PROVIDED DATA below:
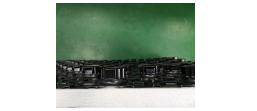 (1)EU-0为热覆膜,为一体式,与 EPS底板接触效果极好,混凝土浇筑后,整体无缝隙,蘑菇头的轴向 HIPS膜在一定程度上增强了承压效果;CN系列中,由于 HIPS膜与 EPS板是吸塑辊压成型,为分体式,HIPS膜与 EPS板间有间隙,同时吸塑系列 HIPS膜结构本身会有一定的厚度高低差,如图 12、13所示;
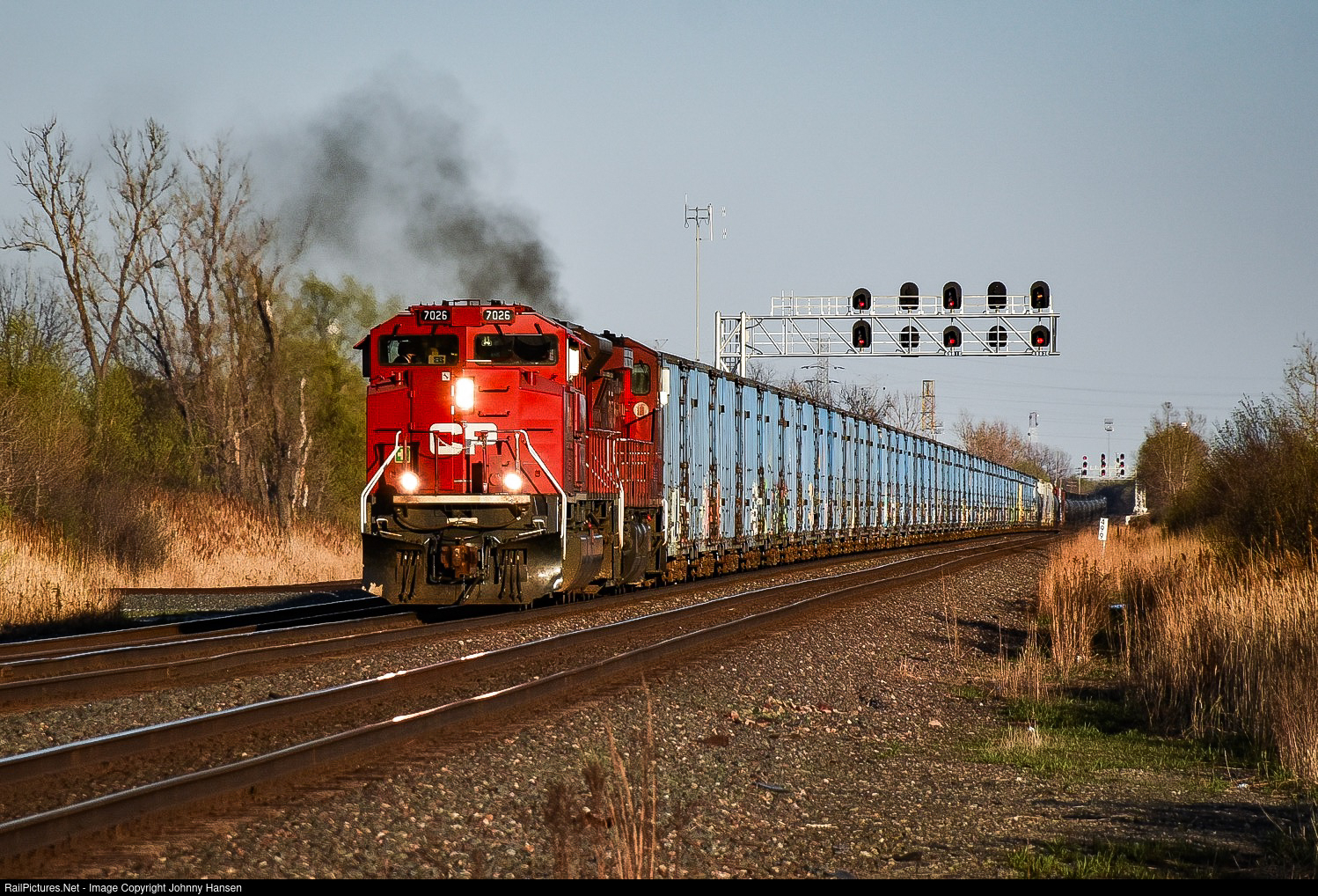 | During the beginning of golden hour, CP 651 gets up to speed as they head west at Pine Junction with a CP SD70ACU leading a GE, and 50 CMQ boxcars at the head end making for a neat touch. |
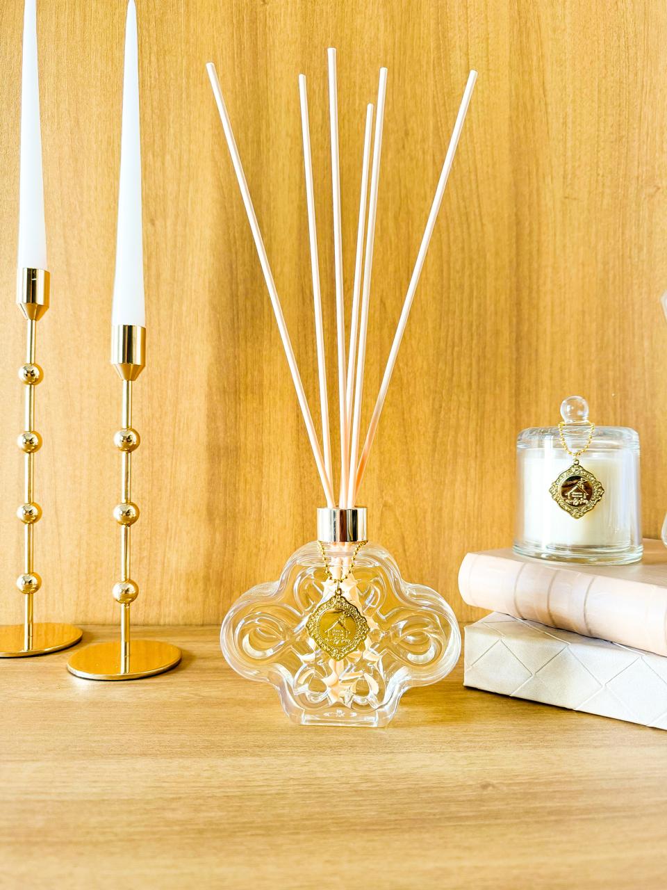 Seu frasco de vidro com design sofisticado e detalhes dourados adiciona um toque de luxo à decoração — perfeito para salas, quartos ou lavabos.
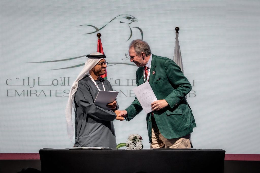 قال معالي ماجد علي المنصوري بهذا الهدف عن توقيع مذكرة تفاهم بين نادي صقاري الإمارات والمجلس الدولي على الصيد البرية، لاستخدام تعزيز التعاون في المشاريع، التمتع بالحقوق الثقافية للصقارة، وتنسيق تنظيم الفعاليات التي تساهم في الاستدامة وتمتع بالحياة البرية.
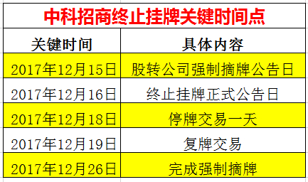 2017年12月18日(周一),中科招商将停牌交易1天,12月19日(周二)将复牌交易,复牌期间挂牌公司与主办券商应当持续披露终止挂牌风险(至少三次)。
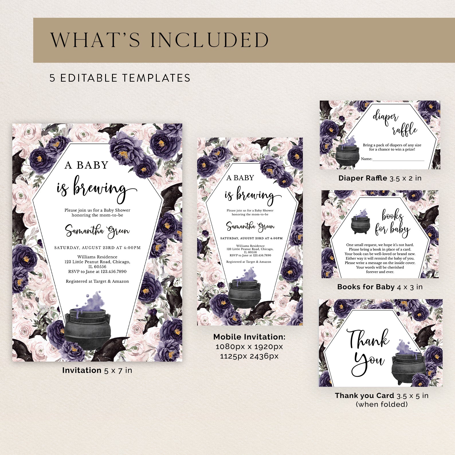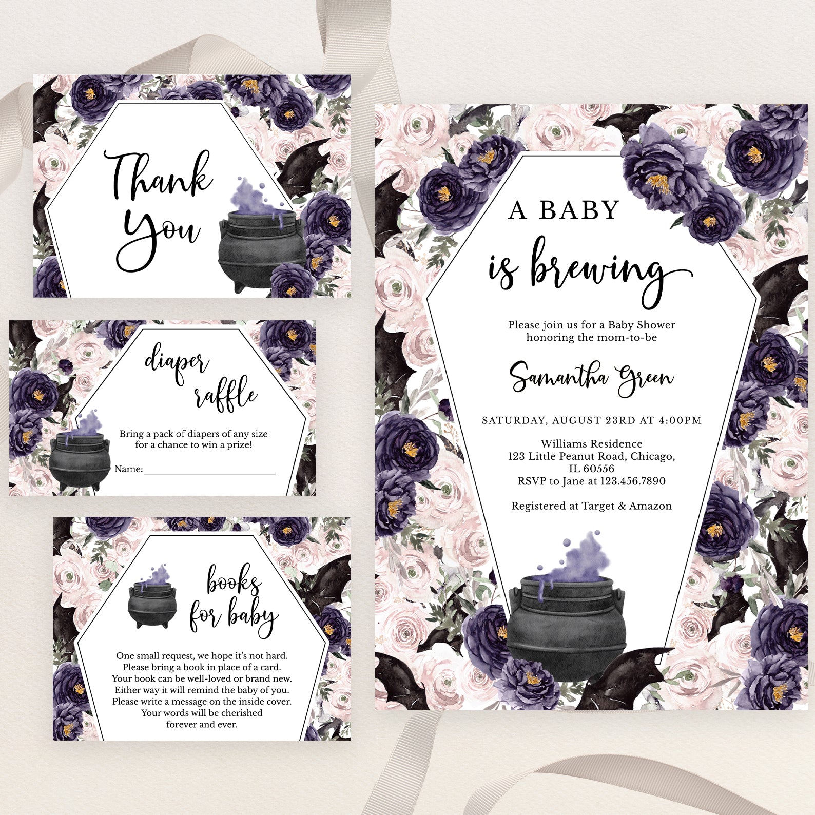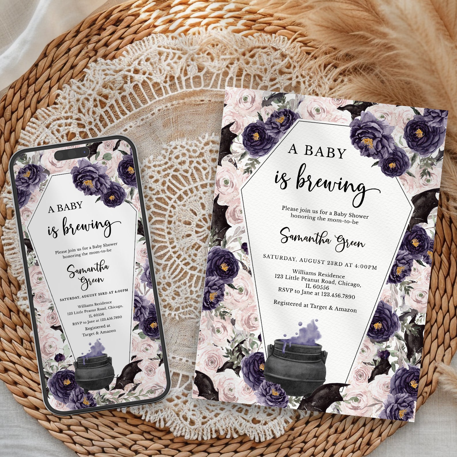 Celebrate your little one with our 'A Baby is Brewing' invitation bundle! This enchanting set includes: Invitation: Coffin-shaped design with a whimsical cauldron, playful bats, and watercolor roses. Mobile Invitation: A digital version perfect for on-the-go sharing. Diaper Raffle Card: Match your theme and encourage guests to bring diapers for a chance to win. Books for Baby Card: Request cherished books with a coordinating card. Thank You Card: Show your appreciation with a matching thank you card. Set the tone for a magical baby shower with this charming bundle!
End of PROVIDED DATA.
YOUR OBJECTIVE: Take the line containing "neat touch. |" and all lines after it to the end of the data above, and reproduce them exactly, leaving out pictures. Nothing else belongs in the copy.

EXERCISE RESULT:
 | During the beginning of golden hour, CP 651 gets up to speed as they head west at Pine Junction with a CP SD70ACU leading a GE, and 50 CMQ boxcars at the head end making for a neat touch. |
 Seu frasco de vidro com design sofisticado e detalhes dourados adiciona um toque de luxo à decoração — perfeito para salas, quartos ou lavabos.
 قال معالي ماجد علي المنصوري بهذا الهدف عن توقيع مذكرة تفاهم بين نادي صقاري الإمارات والمجلس الدولي على الصيد البرية، لاستخدام تعزيز التعاون في المشاريع، التمتع بالحقوق الثقافية للصقارة، وتنسيق تنظيم الفعاليات التي تساهم في الاستدامة وتمتع بالحياة البرية.
 2017年12月18日(周一),中科招商将停牌交易1天,12月19日(周二)将复牌交易,复牌期间挂牌公司与主办券商应当持续披露终止挂牌风险(至少三次)。
 Celebrate your little one with our 'A Baby is Brewing' invitation bundle! This enchanting set includes: Invitation: Coffin-shaped design with a whimsical cauldron, playful bats, and watercolor roses. Mobile Invitation: A digital version perfect for on-the-go sharing. Diaper Raffle Card: Match your theme and encourage guests to bring diapers for a chance to win. Books for Baby Card: Request cherished books with a coordinating card. Thank You Card: Show your appreciation with a matching thank you card. Set the tone for a magical baby shower with this charming bundle!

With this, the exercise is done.